Norman Carr and the origins of Luangwa's safaris



The success of safaris in the Luangwa Valley is due in no small measure to one man: Norman Carr. Originally a ranger within the newly formed reserves in the Valley, Carr was quick to spot the potential of tourism as a lucrative source of income for the park. Although originally an advocate of hunting safaris, Carr soon recognised that there was an alternative – and one that didn't involve hunting down and killing the local fauna.

By 1950, Carr had persuaded Senior Chief Nsefu to establish a private reserve on the eastern bank of the Luangwa River. (Interestingly, a reliable local historian maintains that the colonial provincial commissioner was nervous about this. He feared that ultimately the local people would lose both their land and their access to collect salt at the pans in the centre of the Nsefu Sector. His concerns proved valid when, twenty years later, the Nsefu Sector was combined into the national park in 1971.) In partnership with the chief, Norman founded Nsefu Camp in 1952. The camp's original site was close to the present-day Nsefu Camp (it's still visible on the Nsefu Luangwa Wafwa), though the camp was subsequently moved when the river changed its course.

In 1961, Carr moved on to set up his own wilderness safaris, based out of another camp, Kapani Camp. This had been established in 1960, when he was warden of the Luangwa Valley, and it was here that he stayed with Big Boy and Little Boy, the two lions that he famously kept as companions. Kapani Camp lay just north of the Nsefu Sector, some 60km upstream of the present day Kapani Lodge, and close to present-day Tafika. In 1961, he leased what is now known as Old Lion Camp, close to Kapani Camp but on the opposite (western) bank of the Luangwa River.

In those days the whole operation was basic, with Carr wading across the Luangwa every morning to fetch his clients from Old Lion Camp before taking them on a walking safari. Further camps were tried by the lower Kapamba River in 1963, and the Mwaleshi in the north of the reserve, but none was commercially viable. The venture to Mwaleshi, in North Luangwa, ended with the sad death of one of the guides, Peter Hankin, who was killed by a lioness.

Norman was more successful with his next venture. In 1965, he started to base walking safaris out of Chibembe Camp, just north of the Chibembe/Luangwa confluence. With this as a hub, he established a circuit of several small bushcamps, made of poles and grass, with his clients walking from camp to camp. Nine years later, in 1974, he built Chibembe Lodge nearby (as this was larger and built of permanent materials, it had to be sited outside the park, on the east bank). He then used this as his main base, and continued to use the old Chibembe Camp as one of its walking bushcamps.
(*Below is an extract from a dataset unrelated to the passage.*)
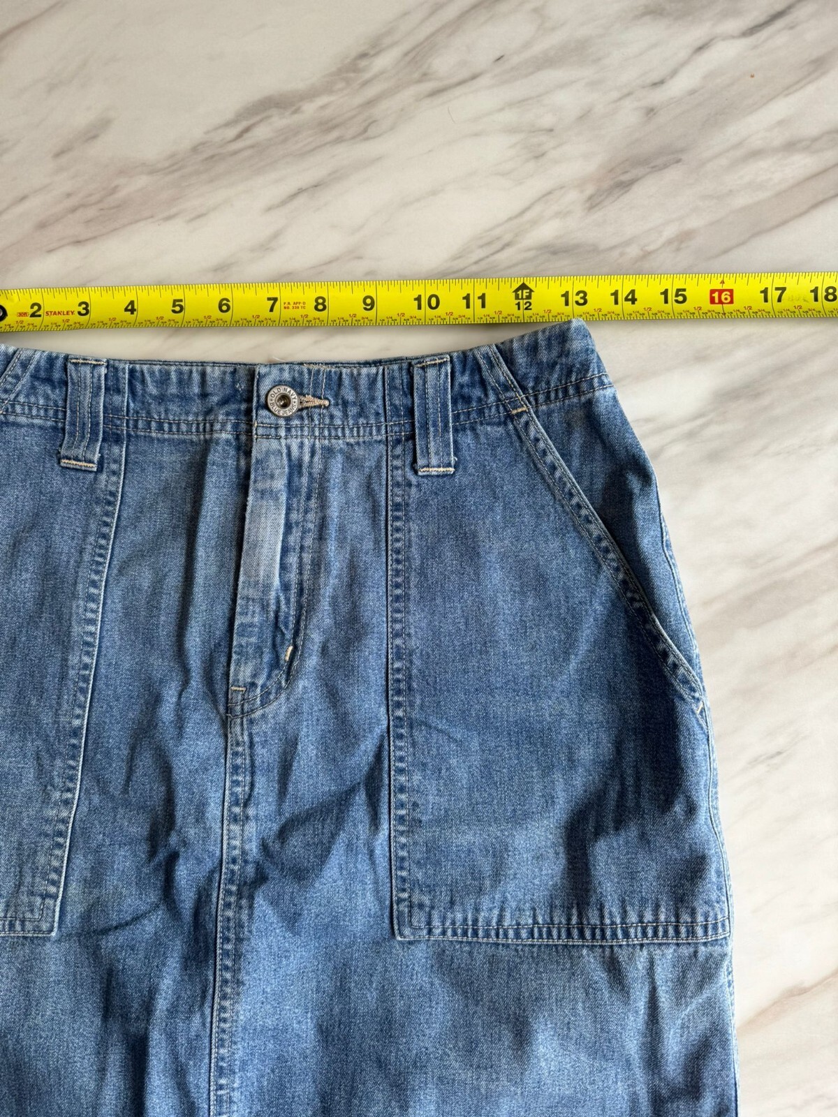 как выглядит Vintage Y2K Old Navy Denim Blue Jeans Midi Skirt Back Slit Flap Pocket XS Pencil фото

This modus operandi of having a number of small, temporary walking bushcamps working like satellites for one more permanent lodge is still the model on which many of Valley's operations work today.
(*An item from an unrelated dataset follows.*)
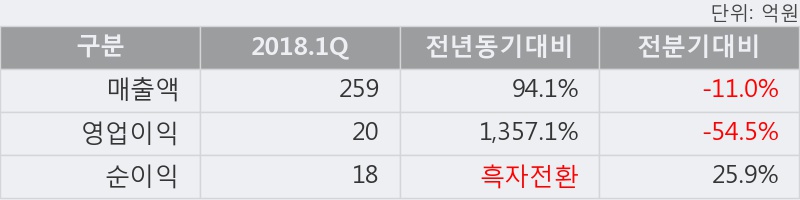 - 2018.1Q, 매출액 259억(+94.2%), 영업이익 20억(+1357.1%)

Norman's clientele in those early days came mainly from the UK, with a few from Southern Rhodesia, South Africa and America. The expense of travelling to and from Zambia ensured that such safaris were a very expensive, elite activity.

Two years after Chibembe Lodge, Mwamba Bushcamp was constructed, on the East Mwamba River, close to present-day Crocodile Bushcamp. This was the first exclusive bushcamp, a place where clients could hire the whole six-bed camp and have their own vehicle and guide and do whatever they wanted, free from any other tourists. Other camps and lodges followed, including Chikoko and Kasansanya (1974). In 1977 Norman founded Chinzombo, which could be reached all year (Chibembe had always been inaccessible during the rains), then later came Kakuli, in 1984, and Kapani Lodge in 1986.